1. A method for specifically expressing a target gene in actively dividing young tissues and aging tissues in plants, the method comprising:

providing a gene expression cassette having: a promoter capable of activating expression in plants, the promoter comprising the nucleotide sequence as shown in SEQ ID NO: 3; and the target gene comprising a polynucleotide sequence of interest, wherein said target gene is operably linked to the 3′ terminal of said promoter of said gene expression cassette;

transforming said plant or parts of organ, tissue, or cell of said plant to contain said gene expression cassette such that said promoter specifically expresses said target gene in the actively dividing young tissues and aging tissues in said plant or said parts of organ, tissue, or cell of said plant;

said actively dividing young tissues including a meristem region in vegetative stage and reproductive stage, and a stem and bud as the inflorescence develops, and;

said aging tissues including inflorescence offshoots in reproductive stage, bud, auxiliary bud, receptacles and part of pedicels, abscission layer involved in the aging and falling off of flowers in reproductive stage, and abscission layer involved in the falling off of siliques.

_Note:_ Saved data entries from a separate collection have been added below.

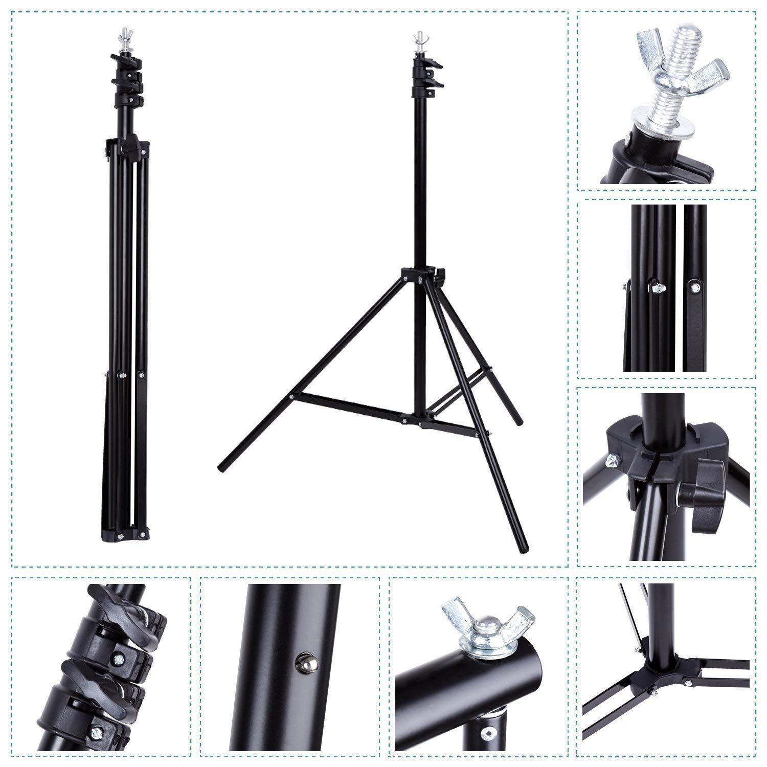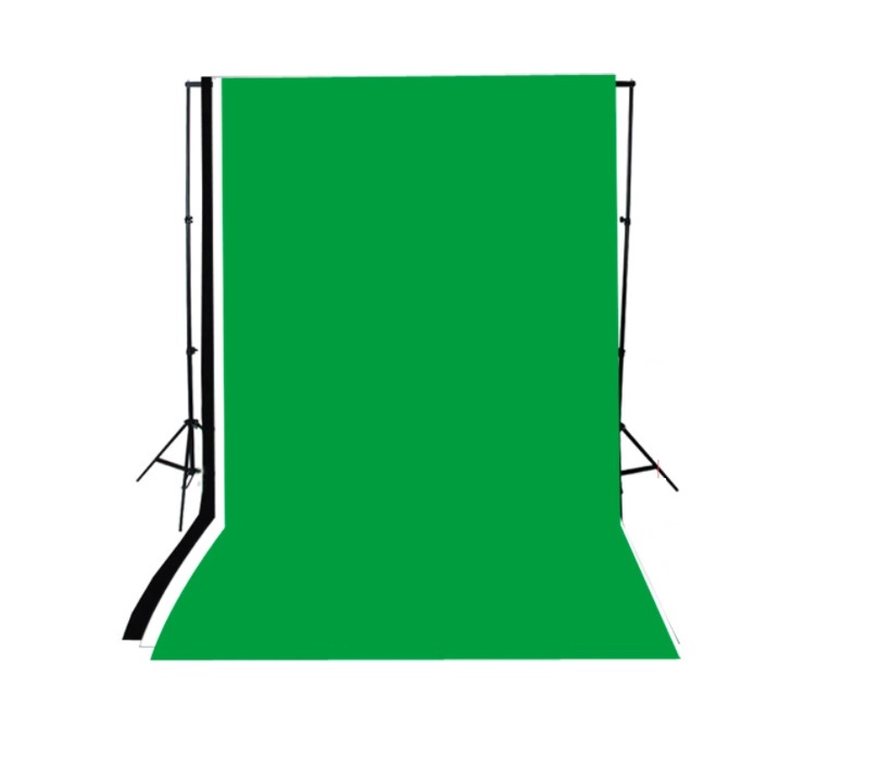 Conteúdo do kit: 2 tripés, 2 barras transversais ajustáveis em largura, 1 fundo branco, 1 fundo preto, 1 fundo verde, 3 molas , 1 saco de transporte,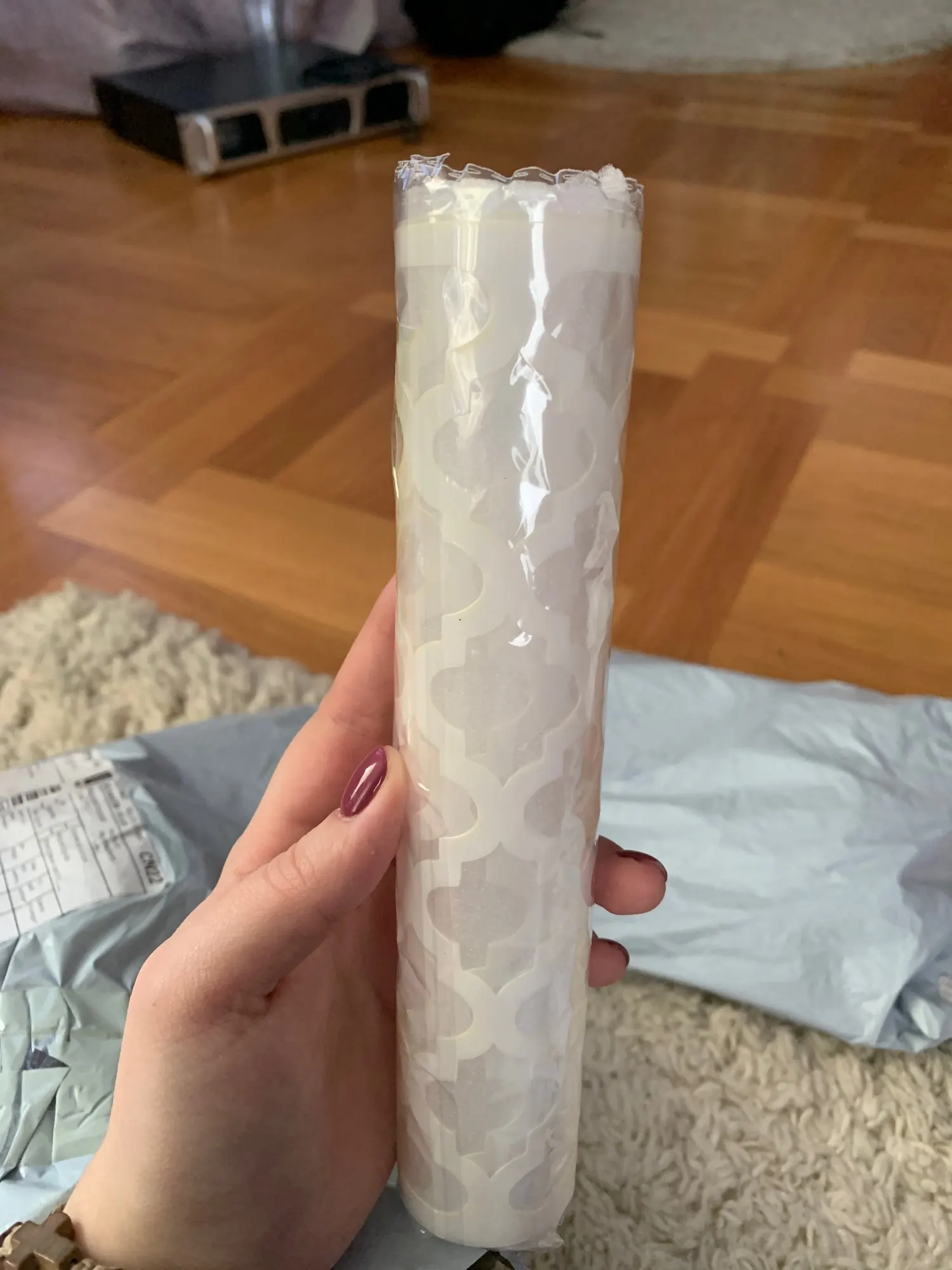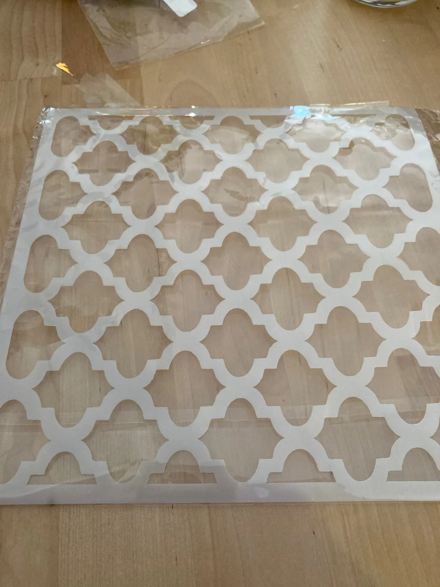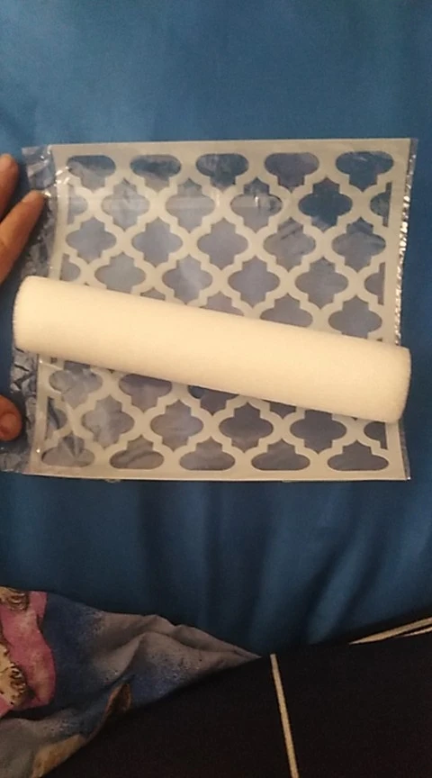 Очень приятный трафарет. К сожалению, свернутый, поэтому придется попробовать его использовать.
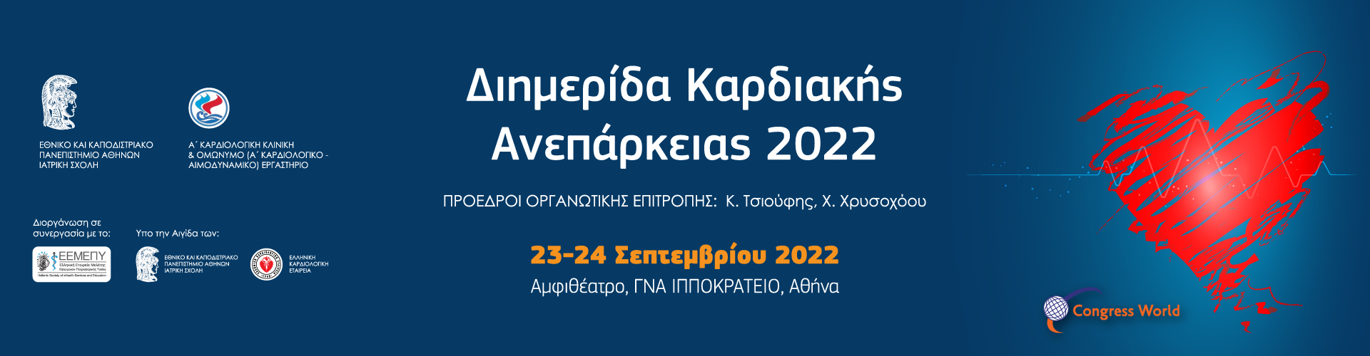 Με ιδιαίτερη χαρά σας προσκαλούμε να συμμετάσχετε στη Διημερίδα για την Καρδιακή Ανεπάρκεια που διοργανώνεται από την Α΄ Πανεπιστημιακή Καρδιολογική Κλινική του Ιπποκράτειου Γενικού Νοσοκομείου Αθηνών στις 23 και 24 Σεπτεμβρίου 2022.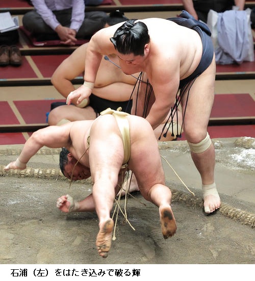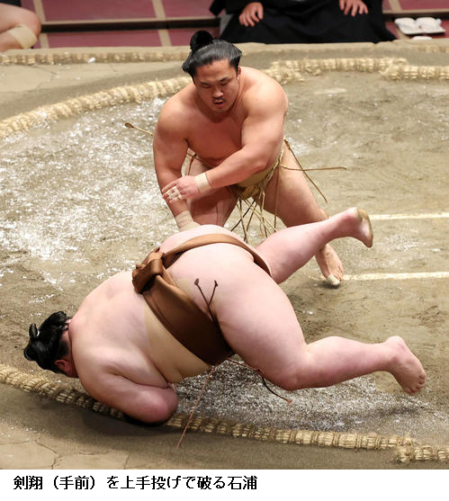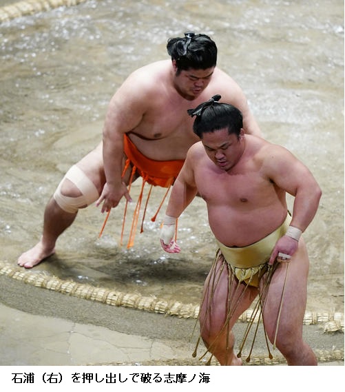 ●石浦 しっかり(相手の圧力を)止めて相撲を取ろうと思っていたけど、受け止められなかったのは自分の力不足。いなしとか横の動きに強い相手だが、相手に押されて相手のペースで取られてしまった。あと4日、気持ちを切らさずに1日一番大事にやっていきたい。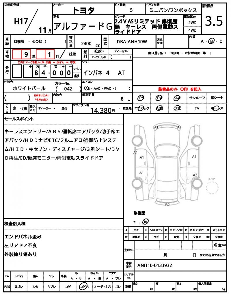 | VIN/Serial No. | ANH10-0133932 |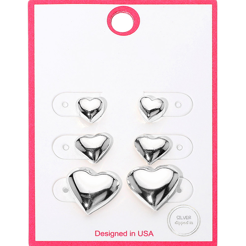 Details • Size : 0.3" - 0.6" L • Post Back • Charming set of puffy heart stud earrings in three sizes. These glossy heart studs offer a sweet, timeless accent for any outfit, perfect for gifting or mixing and matching across looks. • Sterling Silver Dipped • Lead and Nickel Compliant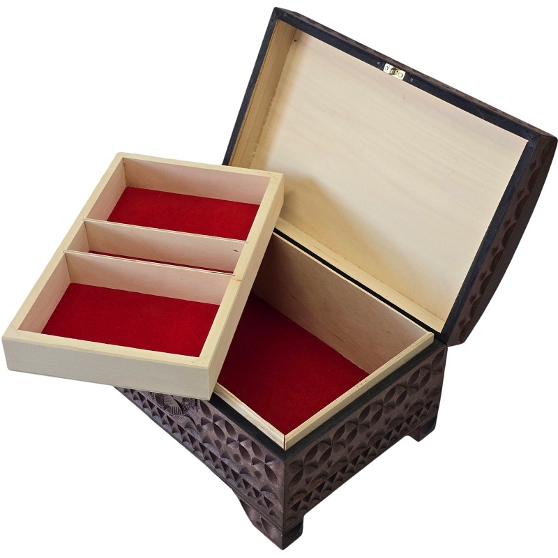 • Ornements sculptés traditionnels – Le couvercle et les côtés sont ornés de riches motifs – les motifs circulaires, les fleurs et les lignes géométriques sont harmonieux et raffinés grâce à un savoir-faire artisanal.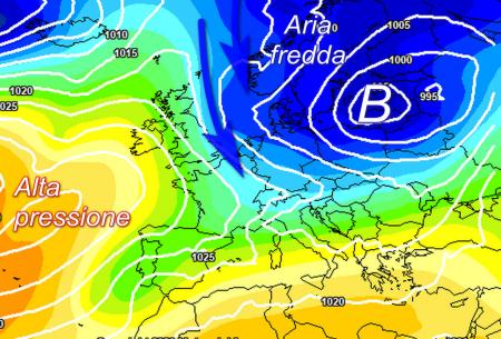 Sotto Natale una nuova ondulazione della corrente a getto porterà lo sviluppo di una saccatura più organizzata sull’Europa centrale ed orientale. Ne potrebbe conseguire lo sviluppo di una perturbazione associata a piogge soprattutto al centro ed al sud tra giovedì 24 (Vigilia) e venerdì 25 (Natale). Infine ci sarebbe spazio per una riduzione del quadro termico generale ad opera di venti più freddi settentrionali. Il transito dell’asse di saccatura sarebbe seguito dall’ingresso di aria fredda artico-marittima, con una riduzione sensibile del quadro termico generale ad iniziare dal nord già a partire dal giorno di Natale. Analisi in quota del modello europeo riferita a venerdì 25 dicembre: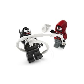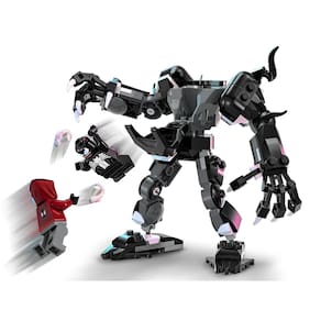 O mech Venom de construir e brincar totalmente ajustável inclui pernas e braços articulados, bem como mãos com garras suficientemente grandes para agarrar uma minifigura. O set também inclui uma minifigura de Miles Morales com 2 disparadores de teias e uma corda de teias flexível, que pode ser colocada em diversos pontos do brinquedo para construir do mech Venom.

2. The method as recited in claim 1, further comprising constructing said promoter into a gene expression vector.

3. A plant, parts of organ or tissue, or cell of said plant that has been transformed to contain said gene expression cassette as recited in claim 1.

4. A method for specifically expressing a target gene in the actively dividing young tissues and aging tissues in plants, the method comprising:

constructing a gene expression cassette into a gene expression vector, said gene expression cassette comprising:

a promoter consisting of the nucleic acid sequence of SEQ ID NO:3; and

a target gene comprising a polynucleotide sequence of interest, wherein said target gene is operably linked to the 3′ terminal of said promoter in said gene expression cassette; and

transforming said gene expression vector into a plant or parts of organ, tissue, or cell of said plant, and said promoter specifically expressing said target gene in the actively dividing young tissues and aging tissues in said plant or parts of organ, tissue, or cell of said plant, said actively dividing young tissues including a meristem region in vegetative stage and reproductive stage, and a stem and bud as the inflorescence develops, and said aging tissues including inflorescence offshoots in reproductive stage, bud, auxiliary bud, receptacles and part of pedicels, abscission layer involved in the aging and falling off of flowers in reproductive stage, and abscission layer involved in the falling off of siliques.

5. A plant, parts of organ or tissue, or cell of said plant that has been obtained by the method as recited in claim 4.